I once read a statement that stopped me in my tracks and made me think. It was this. "Some of the best Christians I ever met are atheists."
What the writer was saying was that as far as the Christian qualities of selfless service to human kind, compassion and integrity went, in his experience some of those who best modelled these qualities had been people who did not believe in the existence of God.
This immediately raises the key question….
In the case of a person who, for what ever reasons, cannot bring themselves to believe in the existence of God, yet lives a life that is truly in accord with those lofty ethical imperatives contained in the great command ‘Do unto others as you would have them do unto you’, does God’s grace cover their failure to believe correctly and therefore does he regard them as being in the Kingdom of God and candidates for heaven on death?
The normal evangelical response to this question
Perhaps the first instinctive response among some evangelicals would be to foolishly try to deny that such genuinely good atheists exist at all or to declare that, even if they do, there are so few of them as to make such a question all but irrelevant. (My response would be that even if there were only one such person on the entire planet then this question is still valid and needs to be asked.) What must be faced up to, however, is that it is quite clear such highly principled atheists do exist and in larger numbers than most evangelicals would admit to.
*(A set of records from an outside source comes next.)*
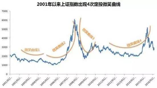 大家都知道低买高卖才能赚钱,但不是人人都懂什么时候才是低位,如果不小心被套在高位要怎么办?这就是基金定投要解决的问题,牛市进场没关系,随后的熊市就是拉低成本的最佳机会,只要坚持,下一个牛市就能解套甚至赚钱,原理其实很简单。从2001年到现在,股市一共经历了4个微笑曲线。
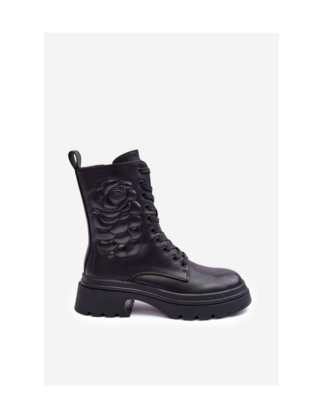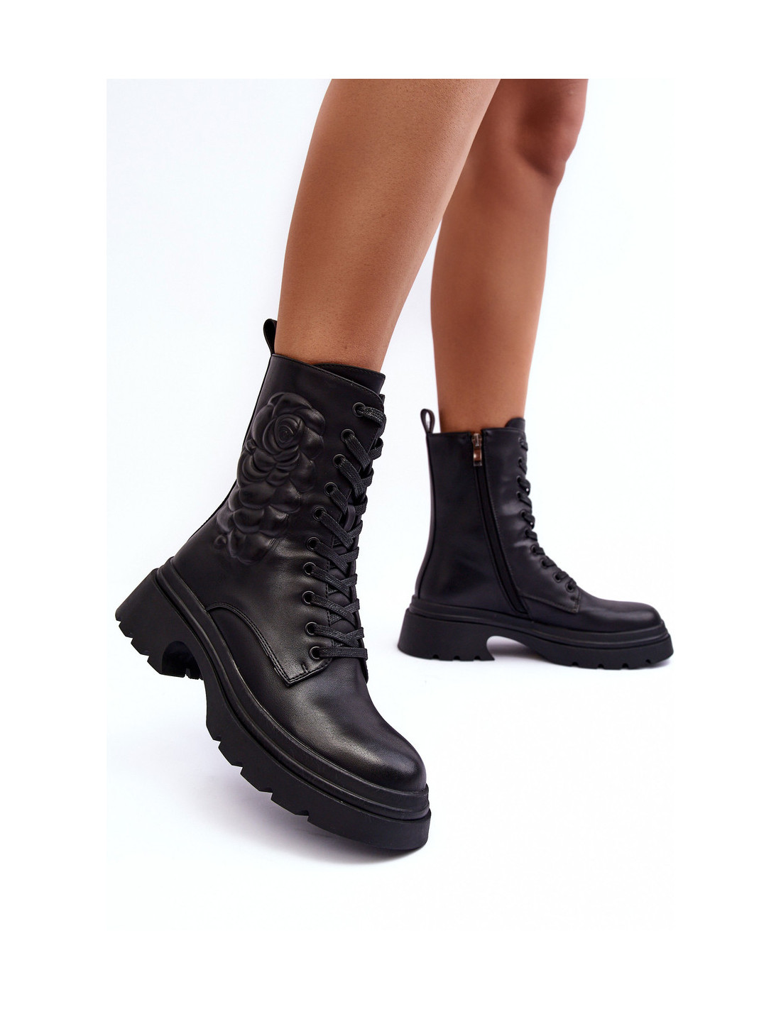 Moteriški batai ant plokščio, stabilaus kulno ir platformos. Pagaminta iš eko odos. Užsegamas užtrauktuku ir papildomai suvarstomas. Viršuje įspaudas. Suapvalinti kojų pirštai. Vidus apšiltintas batų pamušalu. Minkštas vidpadis leis patogiai naudotis avalyne. Sustingęs skaitiklis. Šį modelį galite naudoti daugeliui rudens-žiemos stilių! Rinkdamiesi dydį, vadovaukitės dydžių lentele.
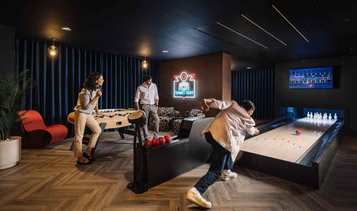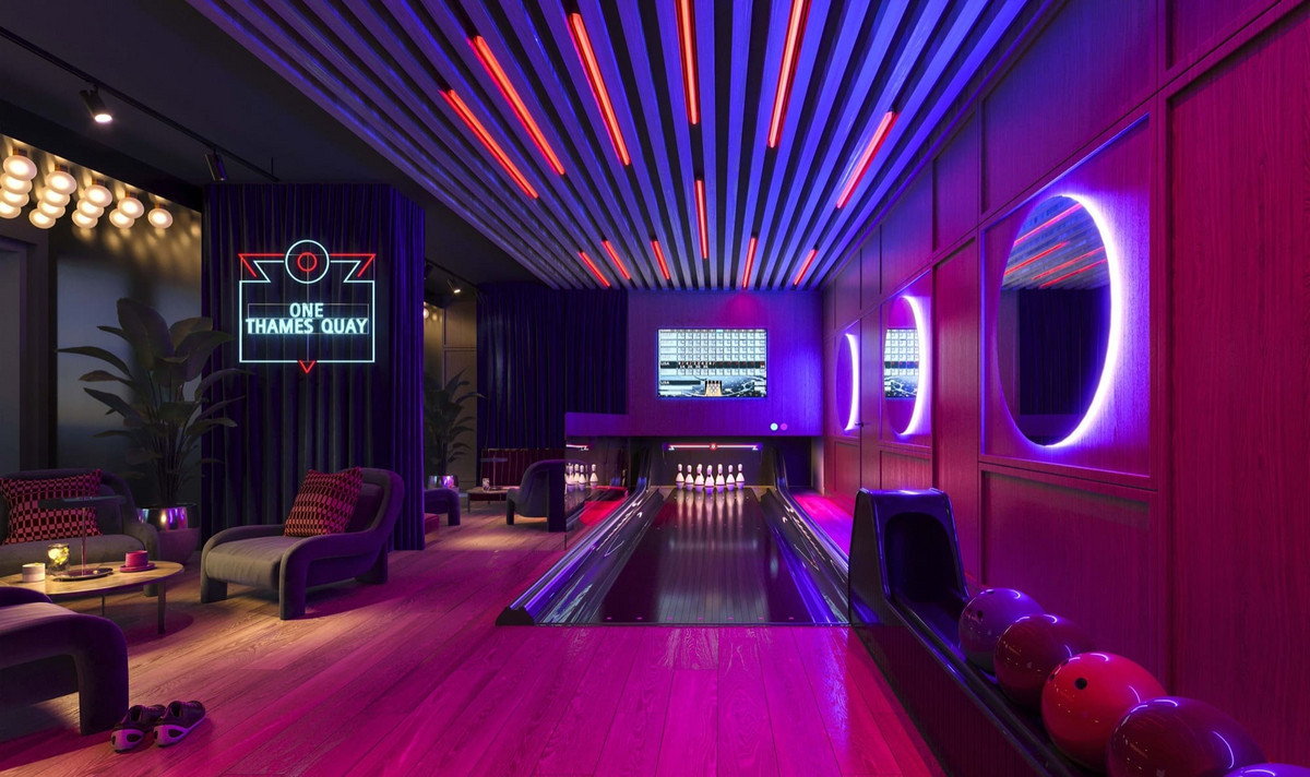 Residential life at One Thames Quay surpasses the ordinary, providing exclusive access to a collection of private amenities that epitomize refined luxury. Residents have full access to a 24/7 concierge and security service. Located on the second floor you have a 12 pin bowling alley, cinema room and canopy gardens. Then on the 46th floor residents can access the state of the art sky gym & lounge as well as a west & east terrace offering views of Canary Wharf & Greenwich.

The second response would be to vigorously deny that God would or could ever regard an atheist as ‘in the Kingdom’. In support of this view evangelicals would appeal to at least two Bible verses. These are the often quoted statements in Psalm 14.1 and Hebrews 11.6.
We will examine each of these verses in turn.
Psalm 14.1: “The fool says in his heart, ‘There is no God.’”
Evangelicals will claim that this verse clearly shows that God would never accept someone who doesn’t believe in him and whom David calls a fool.
However it is not at all clear that the person being described here is an atheist in the sense that we today would class such a person. In fact it is most unlikely that anyone of this period in history would totally reject the idea of the existence of all deities/gods. The foolishness described here is far more likely to be that of a prideful rejection of Elohim, the God of the Hebrews, as the only ‘high God’ and their consequent choice of another god as the object of ritual focus. In other words, this is far more likely to be just another way of condemning the worship of other gods.